━━━ Materials provided ━━━

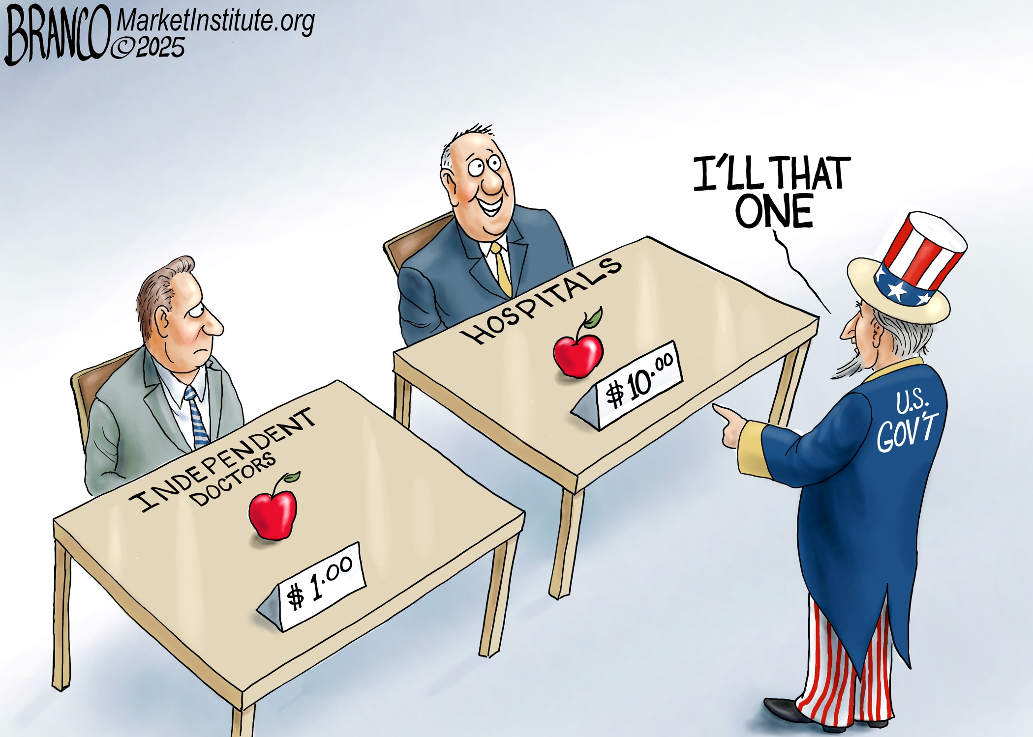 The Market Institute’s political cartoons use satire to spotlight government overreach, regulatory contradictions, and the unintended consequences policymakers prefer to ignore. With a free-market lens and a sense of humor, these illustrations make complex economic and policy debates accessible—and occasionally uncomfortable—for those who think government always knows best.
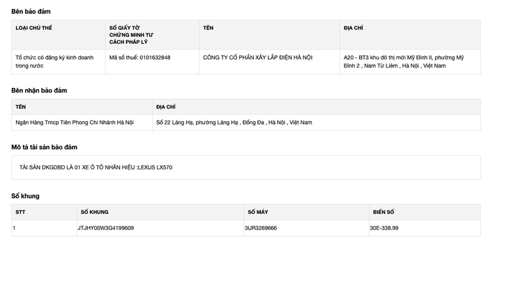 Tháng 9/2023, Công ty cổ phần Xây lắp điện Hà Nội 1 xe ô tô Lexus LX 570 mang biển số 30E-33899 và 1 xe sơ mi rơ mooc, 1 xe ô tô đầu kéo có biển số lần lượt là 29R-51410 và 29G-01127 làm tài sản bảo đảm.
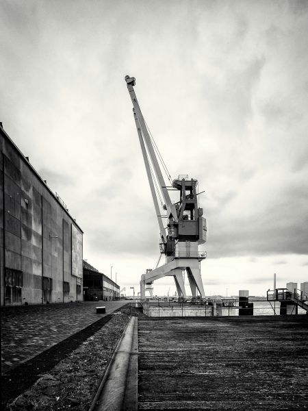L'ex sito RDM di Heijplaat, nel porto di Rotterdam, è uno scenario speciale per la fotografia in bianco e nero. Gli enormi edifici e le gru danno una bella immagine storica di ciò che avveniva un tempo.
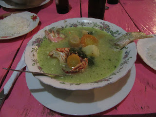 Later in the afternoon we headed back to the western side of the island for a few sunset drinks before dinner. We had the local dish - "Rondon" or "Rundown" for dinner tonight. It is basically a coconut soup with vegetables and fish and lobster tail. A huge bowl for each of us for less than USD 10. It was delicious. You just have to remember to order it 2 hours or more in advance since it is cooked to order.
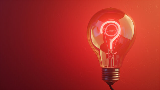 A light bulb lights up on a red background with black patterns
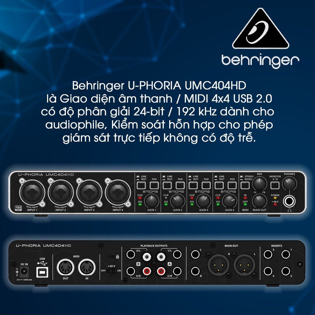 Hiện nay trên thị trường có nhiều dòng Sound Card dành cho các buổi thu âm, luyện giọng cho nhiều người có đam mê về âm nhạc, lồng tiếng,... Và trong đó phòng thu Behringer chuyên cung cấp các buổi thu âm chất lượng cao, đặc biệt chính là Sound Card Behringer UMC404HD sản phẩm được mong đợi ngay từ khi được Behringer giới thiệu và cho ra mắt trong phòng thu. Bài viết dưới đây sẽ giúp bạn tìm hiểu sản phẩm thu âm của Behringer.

━━━
━━━ Materials provided ━━━

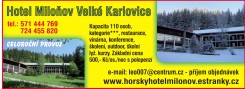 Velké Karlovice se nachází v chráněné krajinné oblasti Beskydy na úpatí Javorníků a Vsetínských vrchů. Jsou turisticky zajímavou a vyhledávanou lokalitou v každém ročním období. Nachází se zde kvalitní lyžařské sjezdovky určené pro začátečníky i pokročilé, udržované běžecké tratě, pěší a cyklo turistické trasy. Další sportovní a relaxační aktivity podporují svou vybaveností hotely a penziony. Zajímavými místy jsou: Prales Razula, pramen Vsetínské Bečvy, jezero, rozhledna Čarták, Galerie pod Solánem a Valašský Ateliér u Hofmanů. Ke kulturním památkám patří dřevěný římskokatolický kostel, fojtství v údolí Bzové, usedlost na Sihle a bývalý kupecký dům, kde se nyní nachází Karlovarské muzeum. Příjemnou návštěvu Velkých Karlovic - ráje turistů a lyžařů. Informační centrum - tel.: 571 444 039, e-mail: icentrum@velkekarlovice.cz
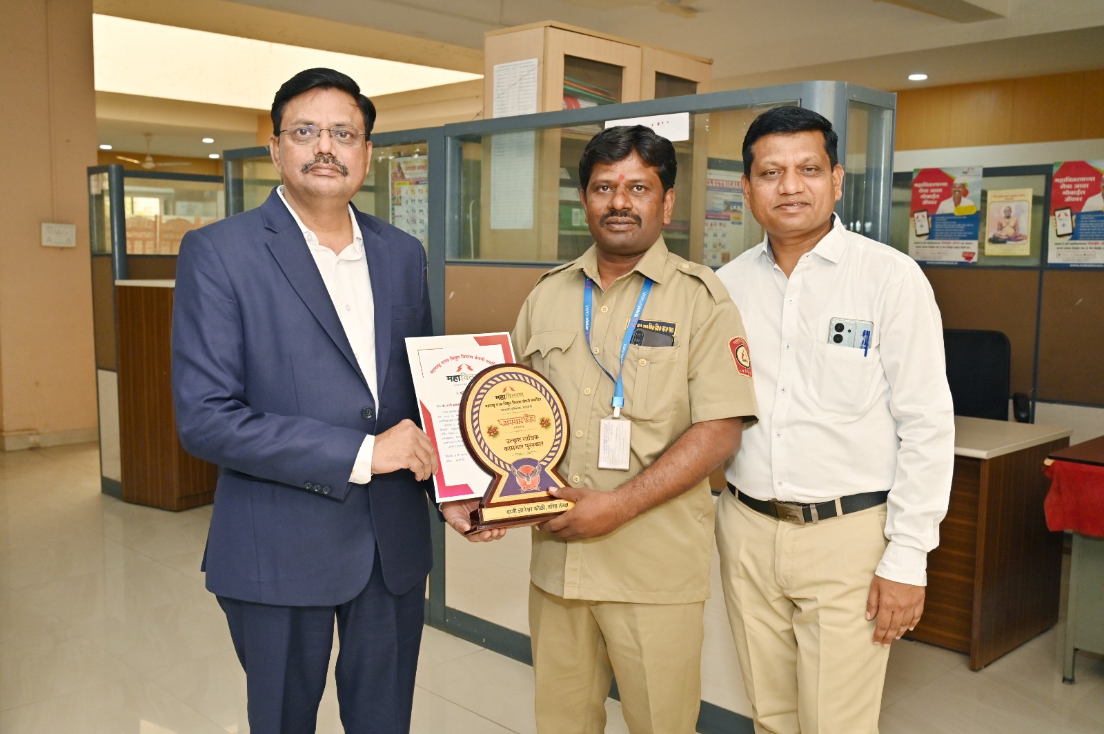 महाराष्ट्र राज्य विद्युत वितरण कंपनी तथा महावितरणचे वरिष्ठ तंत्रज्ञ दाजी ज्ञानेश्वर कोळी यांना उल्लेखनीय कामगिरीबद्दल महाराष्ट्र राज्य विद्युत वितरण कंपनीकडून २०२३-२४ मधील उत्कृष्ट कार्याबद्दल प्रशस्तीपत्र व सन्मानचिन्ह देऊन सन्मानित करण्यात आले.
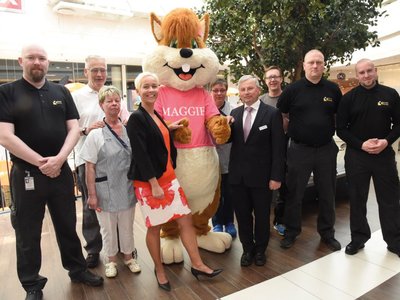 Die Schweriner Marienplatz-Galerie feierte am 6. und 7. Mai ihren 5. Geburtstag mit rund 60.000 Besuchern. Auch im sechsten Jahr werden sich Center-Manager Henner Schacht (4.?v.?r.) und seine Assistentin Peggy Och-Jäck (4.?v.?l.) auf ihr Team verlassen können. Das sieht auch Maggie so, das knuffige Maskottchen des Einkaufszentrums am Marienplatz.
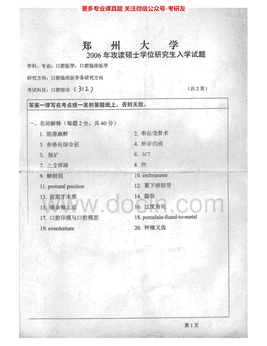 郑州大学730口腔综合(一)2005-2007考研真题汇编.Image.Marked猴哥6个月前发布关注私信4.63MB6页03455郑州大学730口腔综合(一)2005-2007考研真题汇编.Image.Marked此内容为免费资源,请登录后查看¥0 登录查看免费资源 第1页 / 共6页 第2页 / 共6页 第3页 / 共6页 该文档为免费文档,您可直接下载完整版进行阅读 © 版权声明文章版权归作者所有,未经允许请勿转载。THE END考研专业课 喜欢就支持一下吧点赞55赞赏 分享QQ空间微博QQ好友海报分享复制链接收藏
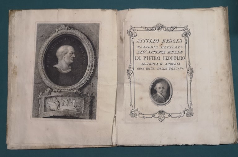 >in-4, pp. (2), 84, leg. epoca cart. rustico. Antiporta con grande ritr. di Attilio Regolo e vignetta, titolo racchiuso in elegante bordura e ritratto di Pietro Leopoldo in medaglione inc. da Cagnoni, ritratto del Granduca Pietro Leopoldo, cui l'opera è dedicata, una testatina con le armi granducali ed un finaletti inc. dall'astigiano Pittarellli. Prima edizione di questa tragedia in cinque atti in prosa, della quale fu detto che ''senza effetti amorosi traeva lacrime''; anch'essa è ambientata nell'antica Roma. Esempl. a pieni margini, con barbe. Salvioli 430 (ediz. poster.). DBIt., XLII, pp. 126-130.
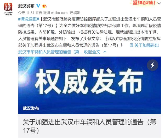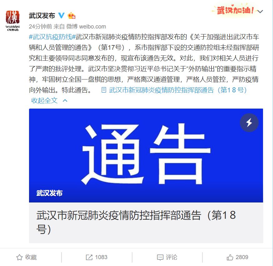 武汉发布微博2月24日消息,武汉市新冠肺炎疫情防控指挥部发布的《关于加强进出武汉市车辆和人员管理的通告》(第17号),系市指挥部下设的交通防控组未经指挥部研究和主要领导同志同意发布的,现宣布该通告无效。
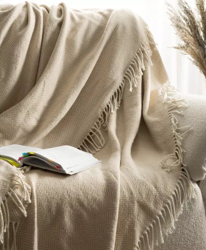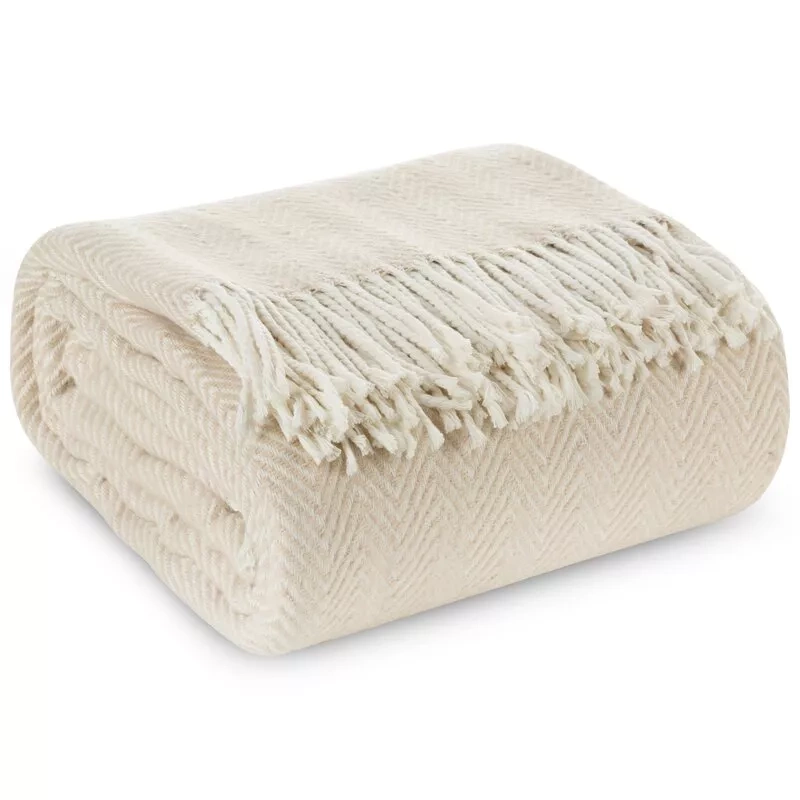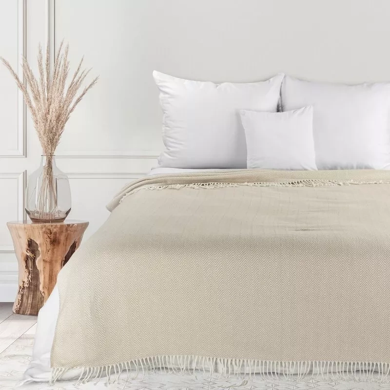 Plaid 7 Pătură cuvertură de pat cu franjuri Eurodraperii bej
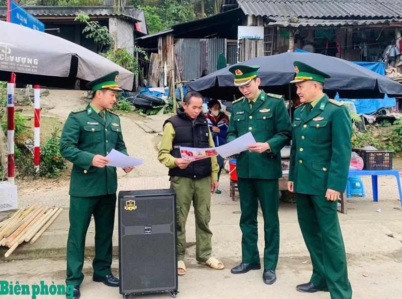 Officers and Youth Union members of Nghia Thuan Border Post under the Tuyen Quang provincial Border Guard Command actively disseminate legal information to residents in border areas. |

━━━

Problem to work on ->
All lines above starting at the one with "L'ex sito RDM" and ending at the one with "Hiện nay trên", inclusive, are to be printed again exactly, with the pictures left out.

Answer section ->
L'ex sito RDM di Heijplaat, nel porto di Rotterdam, è uno scenario speciale per la fotografia in bianco e nero. Gli enormi edifici e le gru danno una bella immagine storica di ciò che avveniva un tempo.
 Later in the afternoon we headed back to the western side of the island for a few sunset drinks before dinner. We had the local dish - "Rondon" or "Rundown" for dinner tonight. It is basically a coconut soup with vegetables and fish and lobster tail. A huge bowl for each of us for less than USD 10. It was delicious. You just have to remember to order it 2 hours or more in advance since it is cooked to order.
 A light bulb lights up on a red background with black patterns
 Hiện nay trên thị trường có nhiều dòng Sound Card dành cho các buổi thu âm, luyện giọng cho nhiều người có đam mê về âm nhạc, lồng tiếng,... Và trong đó phòng thu Behringer chuyên cung cấp các buổi thu âm chất lượng cao, đặc biệt chính là Sound Card Behringer UMC404HD sản phẩm được mong đợi ngay từ khi được Behringer giới thiệu và cho ra mắt trong phòng thu. Bài viết dưới đây sẽ giúp bạn tìm hiểu sản phẩm thu âm của Behringer.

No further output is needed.